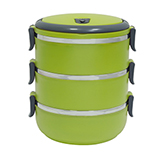 Contenedor diseñado para el almacenamiento y transporte de aperitivos fríos y calientes. Además cuenta con un porta cubiertos que se adhiere en la parte superior del contenedor.
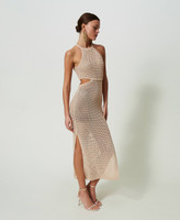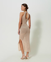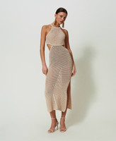 Long dress made from cotton and linen blend mesh with sparkling dots, halter neck, cutout on the sides, side slits, lining.
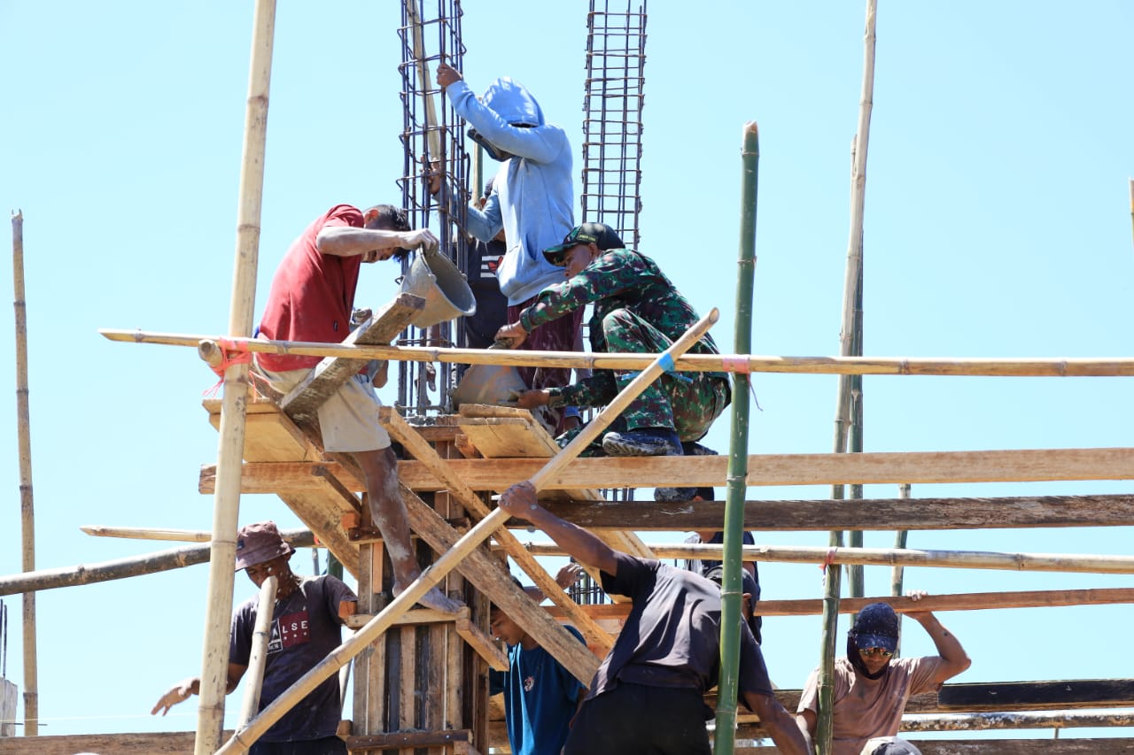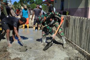 Menariknya, bukan hanya kaum pria yang terlibat dalam pekerjaan ini, para ibu-ibu juga ikut ambil bagian dalam kegiatan pengecoran tersebut. Mereka dengan sigap membantu menyiapkan air dan mengangkat campuran semen. Pemandangan tersebut menjadi bukti nyata kuatnya rasa kebersamaan antara TNI dan rakyat.
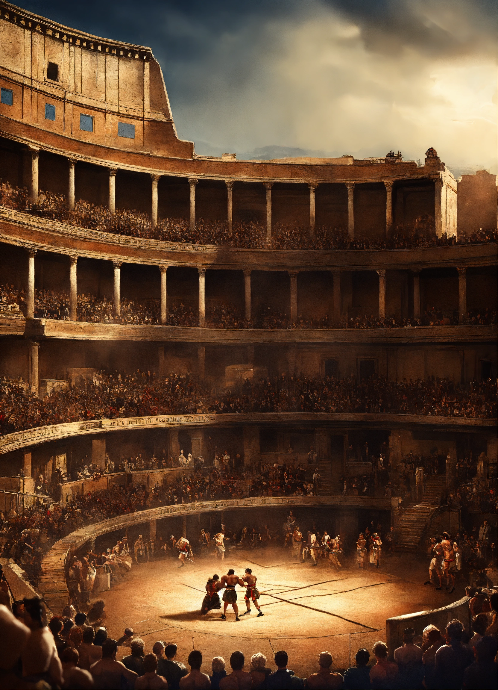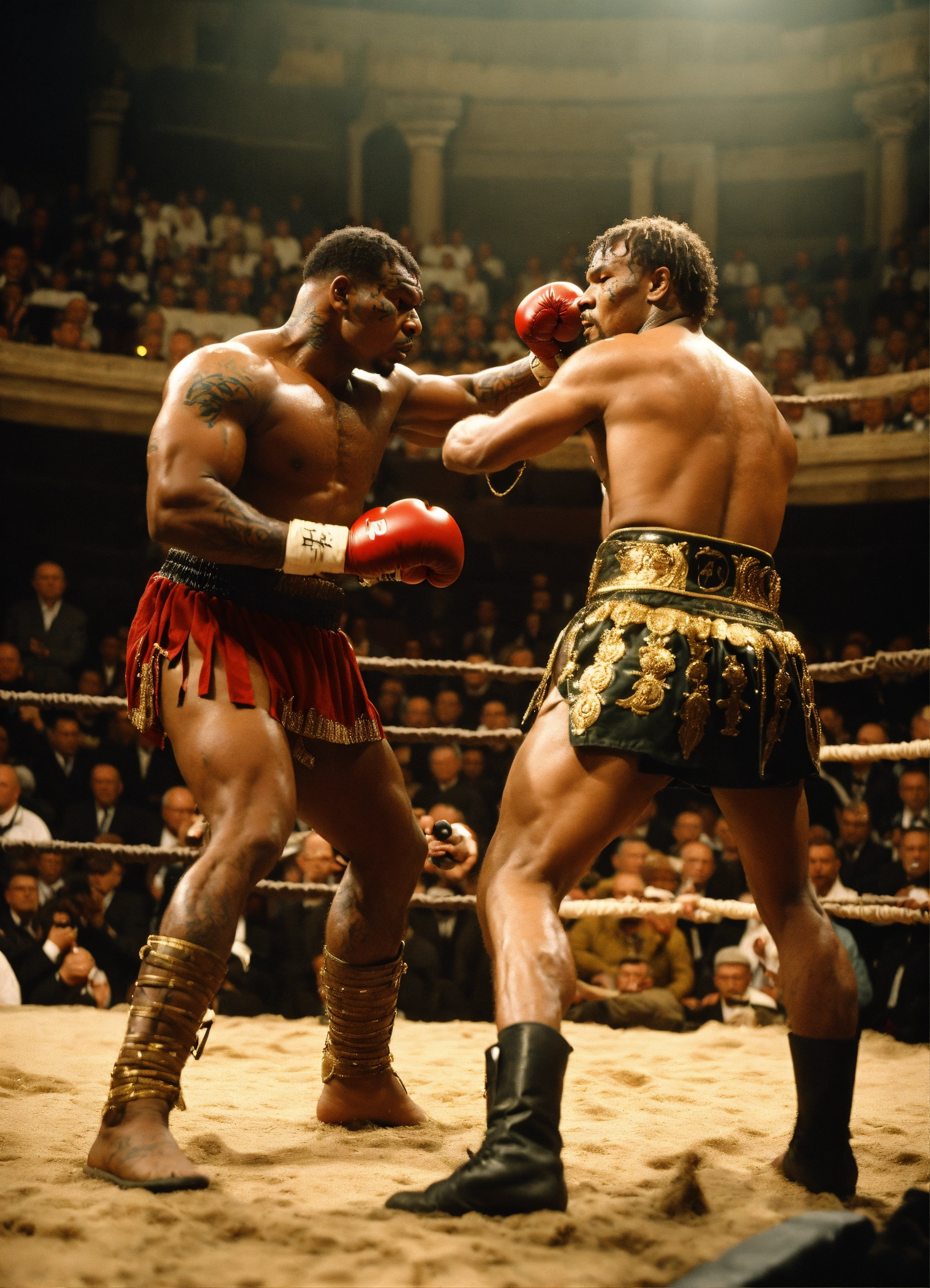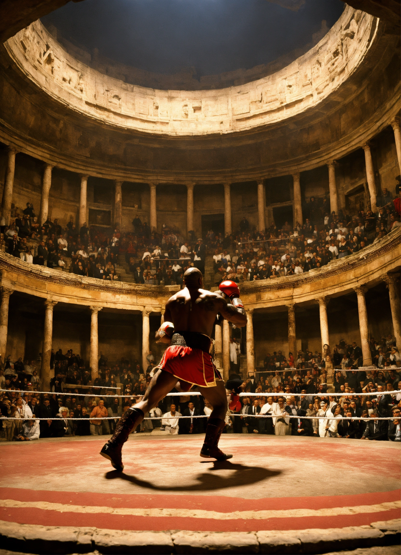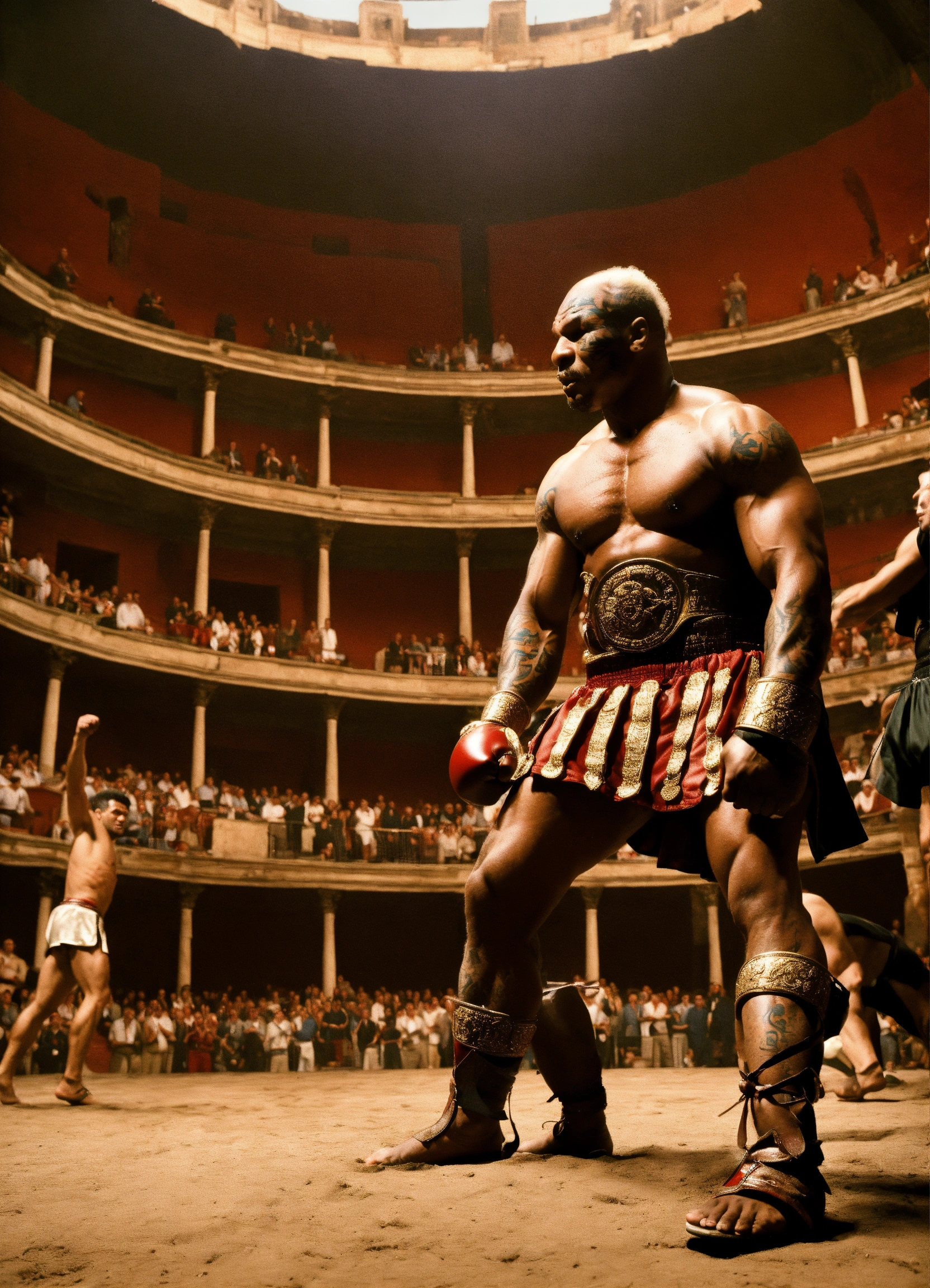 The mike tyson vs bruce seldon fight taking place in an ancient roman gladiator contest in the theatre of pompey in the time of caesar

########################################

Your answer should be the lines from the line containing "Long dress made" through the end of the listing above, output exactly and alone, without the pictures.

 Long dress made from cotton and linen blend mesh with sparkling dots, halter neck, cutout on the sides, side slits, lining.
 Menariknya, bukan hanya kaum pria yang terlibat dalam pekerjaan ini, para ibu-ibu juga ikut ambil bagian dalam kegiatan pengecoran tersebut. Mereka dengan sigap membantu menyiapkan air dan mengangkat campuran semen. Pemandangan tersebut menjadi bukti nyata kuatnya rasa kebersamaan antara TNI dan rakyat.
 The mike tyson vs bruce seldon fight taking place in an ancient roman gladiator contest in the theatre of pompey in the time of caesar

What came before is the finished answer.